§ Exercise brief
Write out the lines of the material below exactly, beginning at the line with "Elemage 2K Telecamera" and stopping after the line with "个股的股价出现了大幅回调,最", and leave out the pictures.

§ Data
┌──

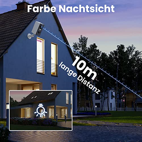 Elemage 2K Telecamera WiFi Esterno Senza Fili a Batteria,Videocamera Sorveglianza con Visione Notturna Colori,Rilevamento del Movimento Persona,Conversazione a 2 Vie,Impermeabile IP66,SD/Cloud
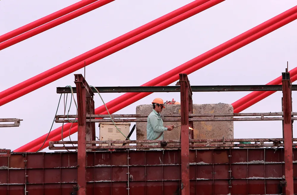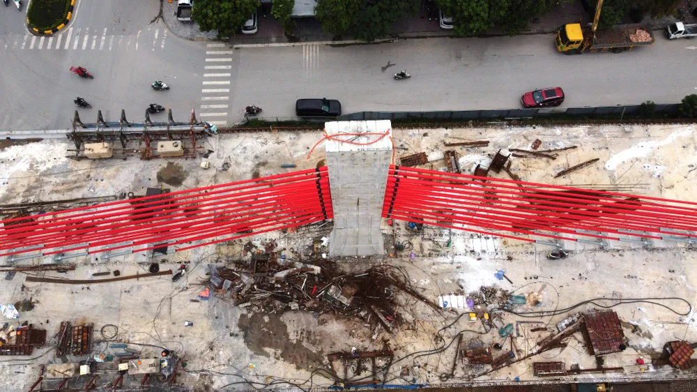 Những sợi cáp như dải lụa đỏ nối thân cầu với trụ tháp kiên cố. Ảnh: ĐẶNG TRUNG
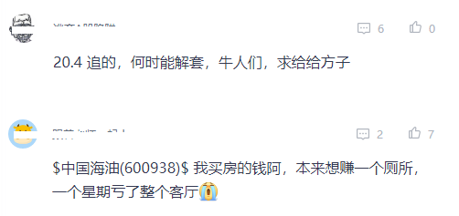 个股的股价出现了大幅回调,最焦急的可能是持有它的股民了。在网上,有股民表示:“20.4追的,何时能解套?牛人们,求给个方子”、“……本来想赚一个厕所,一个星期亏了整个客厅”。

└──
┌──

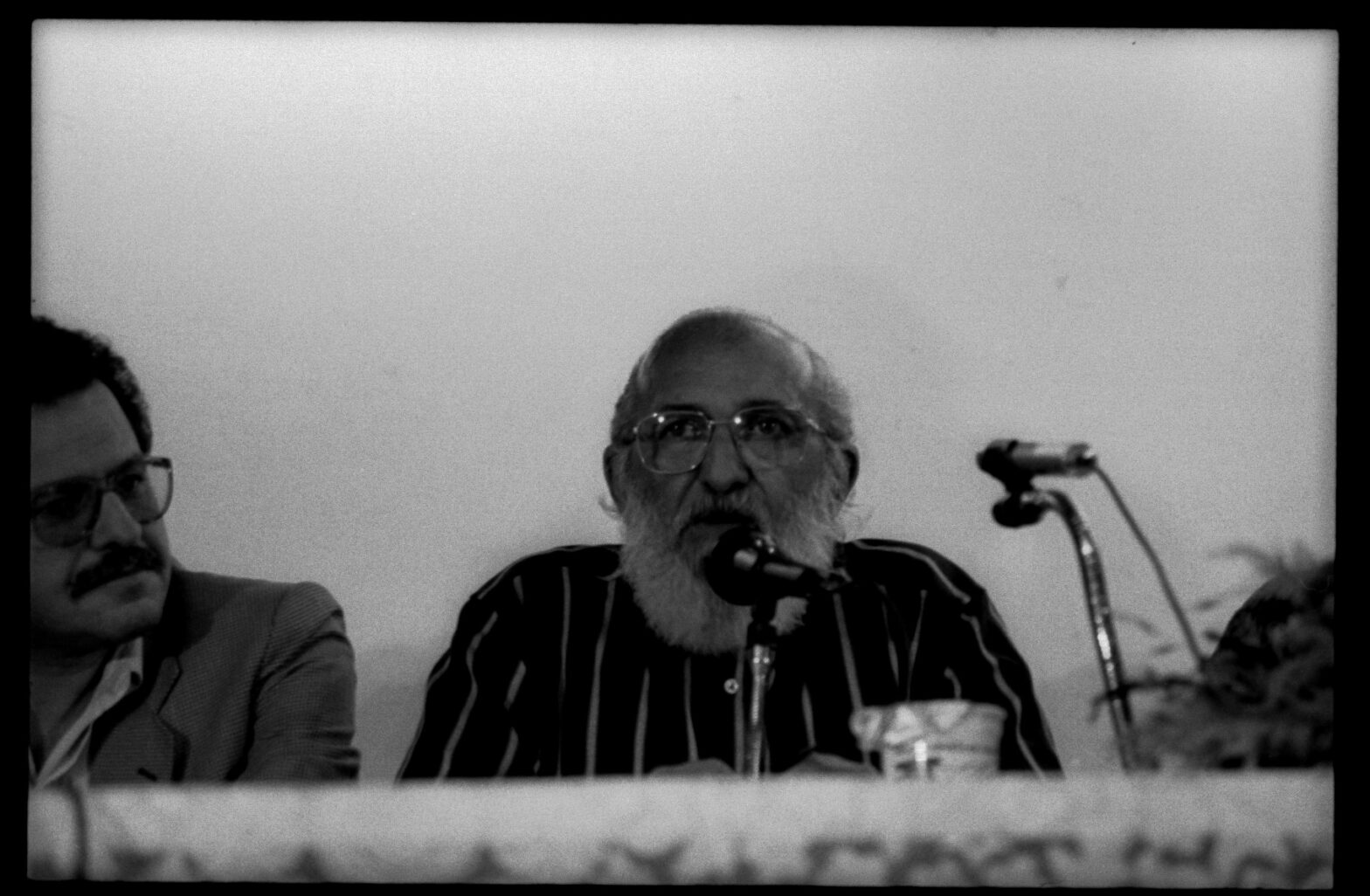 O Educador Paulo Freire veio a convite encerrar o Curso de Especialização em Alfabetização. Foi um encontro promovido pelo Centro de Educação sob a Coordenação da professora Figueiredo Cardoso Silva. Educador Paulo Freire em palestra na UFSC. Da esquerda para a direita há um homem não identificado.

└──
┌──

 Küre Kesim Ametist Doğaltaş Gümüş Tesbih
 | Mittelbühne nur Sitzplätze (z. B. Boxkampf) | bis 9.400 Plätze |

└──

§ Response to the task
 Elemage 2K Telecamera WiFi Esterno Senza Fili a Batteria,Videocamera Sorveglianza con Visione Notturna Colori,Rilevamento del Movimento Persona,Conversazione a 2 Vie,Impermeabile IP66,SD/Cloud
 Những sợi cáp như dải lụa đỏ nối thân cầu với trụ tháp kiên cố. Ảnh: ĐẶNG TRUNG
 个股的股价出现了大幅回调,最焦急的可能是持有它的股民了。在网上,有股民表示:“20.4追的,何时能解套?牛人们,求给个方子”、“……本来想赚一个厕所,一个星期亏了整个客厅”。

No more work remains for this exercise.